Over the past year and a half or so, when not chasing after snakes or bugs or paperwork, I’ve busied myself with a series of do-it-yourself home-improvement projects. There was last year’s Painting of the Bedroom, which took about two weeks to complete. Then came The Laying of the Laminate, an endeavor that involved the living room, dining room and hallway and lasted about two months. The Kitchen Redo, begun at the beginning of summer, is still in progress, while the Family Room Renovation stalled around March and has yet to regain any of its prior momentum.
It’s true, most of these projects would’ve gone a lot faster if I wasn’t working full time. Or actually had the capacity to say know when someone invites me out for dinner or a drink. Or if I had a brain like a squirrel.
Being members of the taxonomic order Rodentia, squirrels rarely get much glory. In fact, with their habits of raiding birdfeeders and gnawing on eaves, any fame they do get usually manifests as infamy. But inside those fuzzy-topped skulls lies a mass of cerebral tissue capable of tracking down objects—primarily food items, but other things too–even months after they’d last had it in their furry little paws.
I—we all—should be so lucky.
How many times haven’t you gone to retrieve an item you thought for sure you knew location of, only to find it not there? The car keys. The cell phone. Or, in my case, the paint scraper, spackle, hammer, pry bar, tape measure, coffee cup, duct tape, drill bit, T-square, wood glue, locking pliers and/or socket wrench.
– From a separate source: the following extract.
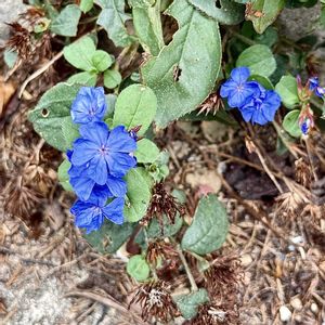 彩月(いろどりづき)の青い花2025~ルリマツリモドキ(セラトスティグマ、ケラトスティグマ)です😊 前に投稿した、ブータンルリマツリも、同じセラトスティグマ属で、園芸的に混同されていることもありますが、ブータンルリマツリは低木で、こちらのルリマツリモドキは宿根草ですので、お花はそっくりですが、形態が異なりますね。 ルリマツリモドキは背丈の低い宿根草で横に広がるので花壇の前方に植えるのがいいそうです。 今はどちらも鉢植えですが、耐寒性もあるようなので、冬が来る前に地植えにしようかなと思っています🤗 小さいですが澄んだブルーがとても美しいお花ですね💙😍💜😍

Research suggests that Americans, as a nation, waste about 9 million hours per day searching for misplaced items. Meanwhile, animal behavior studies indicate that gray squirrels, Sciurus carolinensis, are capable of finding the location of a nut or seed as long as 62 days after they stashed it.
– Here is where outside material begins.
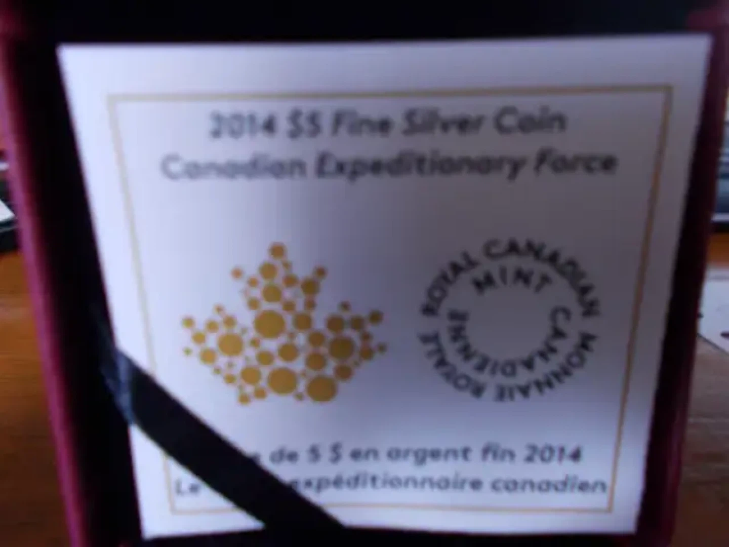 Selling a 2014 $5 fine silver coin commemorating the Canadian Expeditionary Force. It comes in its original box from the Royal Canadian Mint. A great addition to any collection! COA and box Limited edition

The key to squirrels remarkable retrieving ability lies in their ability to use spatial memory to locate objects. By using their position relative to the space around them, as well as visual cues like trees, rocks and roots, these little guys can track down a high percentage of the thousands of nuts and seeds they cache over a year’s time.
Which is a good thing, because their very survival depends on it.
Gray squirrels and their cousins the fox squirrels are scatter hoarders, which means they stash, or cache, small quantities of food in many different locations. This strategy differs from, say, chipmunks, who typically are larder hoarders; that is, they build up large stores of food in a single chamber of an underground burrow. This “pantry” then provides the provisions they require throughout the winter months.
For many years, it was thought that squirrels’ ability to retrieve their scattered food items was dependent on the animals’ sense of smell. But experiments in the 1980s and ’90s began to show that the animals we regard as “just rodents” have a lot more than a keen sniffer working to their advantage.
In fact, studies have shown that squirrels’ seemingly simple act of burying nuts actually is very complex. For instance, they will nip the embryo of acorns of white oak species, since these acorns are likely to germinate before winter is past, but bury acorns of red oak species without excising the embryo because these nuts do not germinate until spring, when other food sources begin to reappear.
Squirrels’ scatter hoarding offers certain survival advantages. For one, they don’t have to worry about having their cache raided and stolen, or succumbing to mold. Losing a nut here or there to a competitor or fungus is no big deal.